Home | About | Sematext search-lucene.com search-hadoop.com
 Search Hadoop and all its subprojects:

Switch to Threaded View
HBase >> mail # user >> Read access pattern

Copy link to this message
Re: Read access pattern
bq. The downside that I see, is the bucket_number that we have to
maintain both at time or reading/writing and update it in case of
cluster restructuring.

I agree that this maintenance can be painful.

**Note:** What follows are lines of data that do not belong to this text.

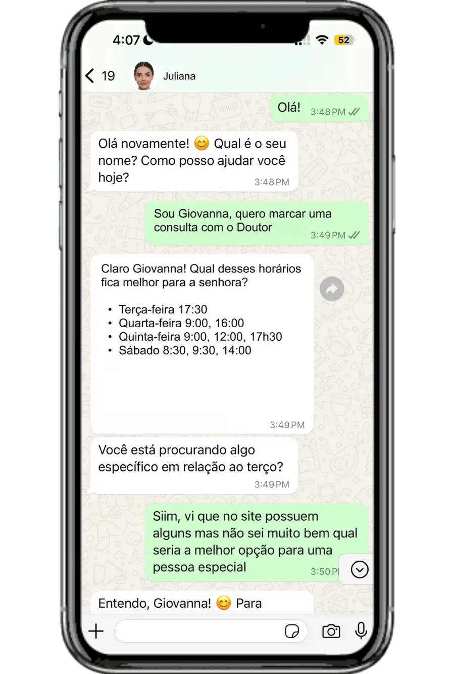 Transforme sua operação com um assistente sob medida, capaz de agendar consultas e qualificar leads 24/7 para elevar o engajamento e suas vendas.
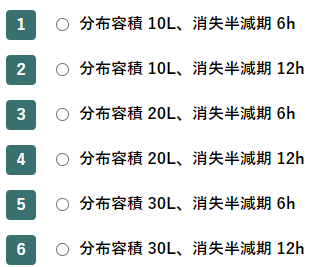 【薬剤】73歳男性。体重60 kg。メチシリン耐性黄色ブドウ球菌(MRSA)肺炎の治療目的でアルべカシン硫酸塩の投与が開始された。この患者におけるアルベカシンの分布容積と消失半減期に最も近い値の組合せはどれか。1つ選べ。ただし、アルベカシンの体内動態は線形1-コンパートメントモデルに従い、3回目投与時点で定常状態にあり、点滴開始後1時間までの消失は無視できるものとする。また、アルベカシン硫酸塩150 mgは、アルべカシン105 mgに相当するものとする。
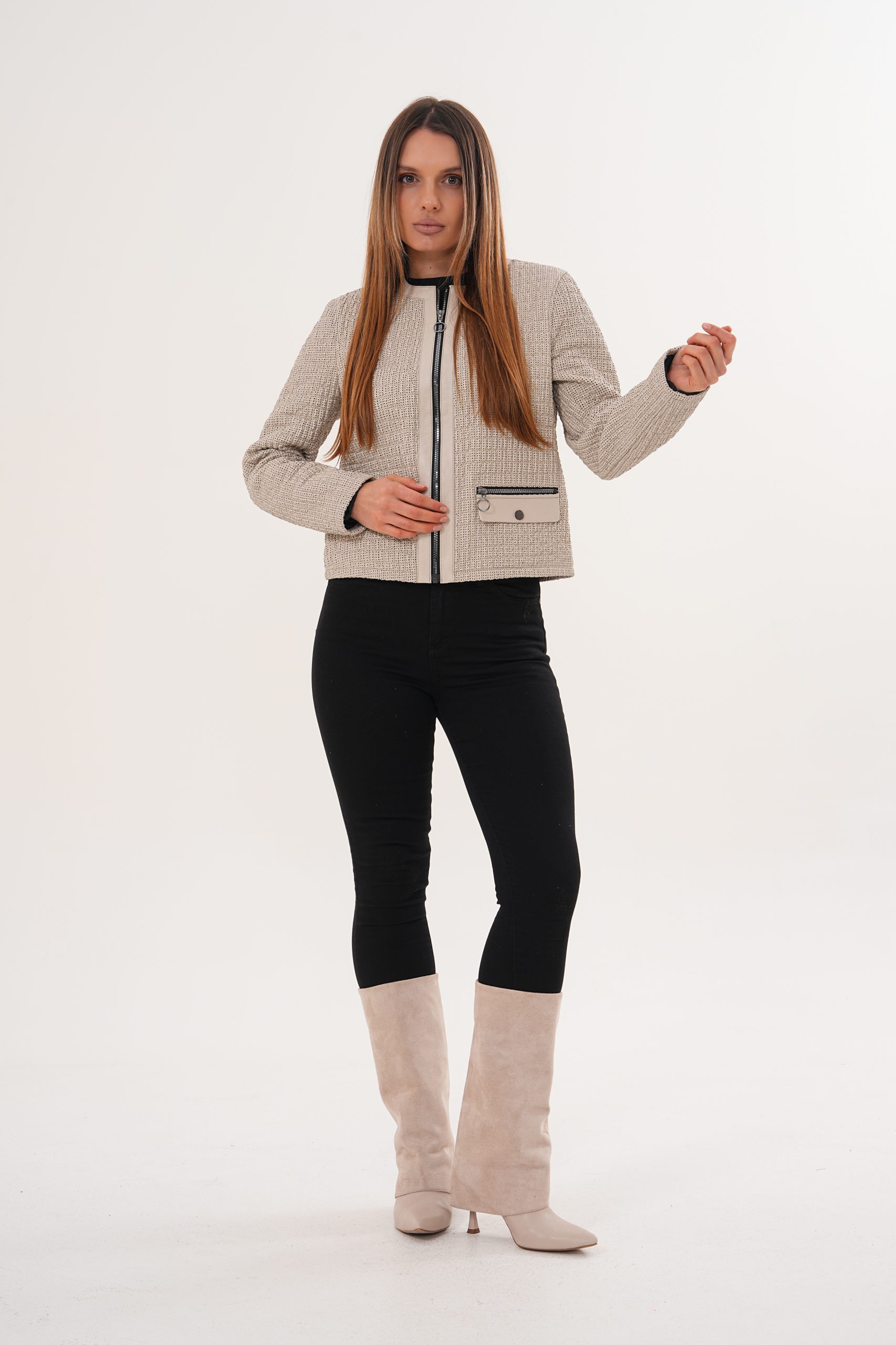 Croiul feminin, ușor cambrat, evidențiază silueta într-un mod armonios, iar închiderea frontală cu fermoar și detaliile contrastante completează designul modern. Buzunarele frontale decorative adaugă un plus de stil și echilibru vizual.
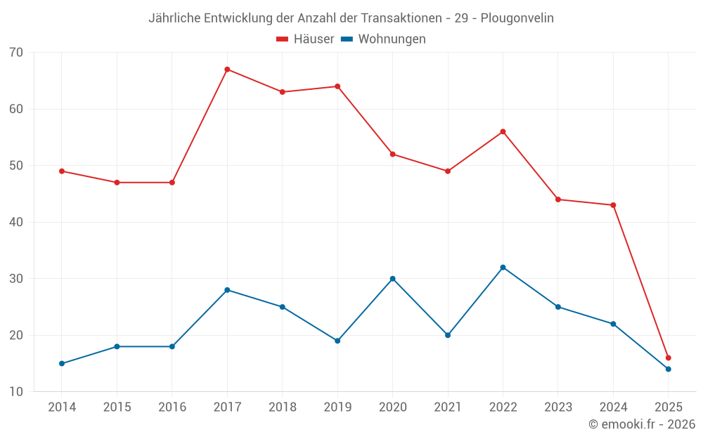 Der Durchschnittspreis auf den 32 Hausgeschäften der letzten 12 Monate in der Gemeinde Plougonvelin betrug 2 882 € pro Quadratmeter für einen mittleren Immobilienwert von 285 000 €. Über diesen Zeitraum hinweg lagen 60% der Transaktionen zwischen 2 232 und 3 900 € pro Quadratmeter (vom 2. bis zum 8. Dezil).

However, Phoenix
(https://github.com/forcedotcom/phoenix) now supports salting,
automating this maintenance.  If you want to salt your table, just add a
SALT_BUCKETS = <n> property at the end of your DDL statement, where <n>
is the total number of buckets (up to a max of 256).  For example:

CREATE TABLE t (date_time DATE NOT NULL, event_id CHAR(15) NOT NULL
     CONSTRAINT pk PRIMARY KEY (date_time, event_id))

This will add one byte at the beginning of your row key whose value is
formed by hashing the row key and mod-ing with 10. This will
automatically be done for any upsert and queries will automatically be
distributed and the results combined as expected.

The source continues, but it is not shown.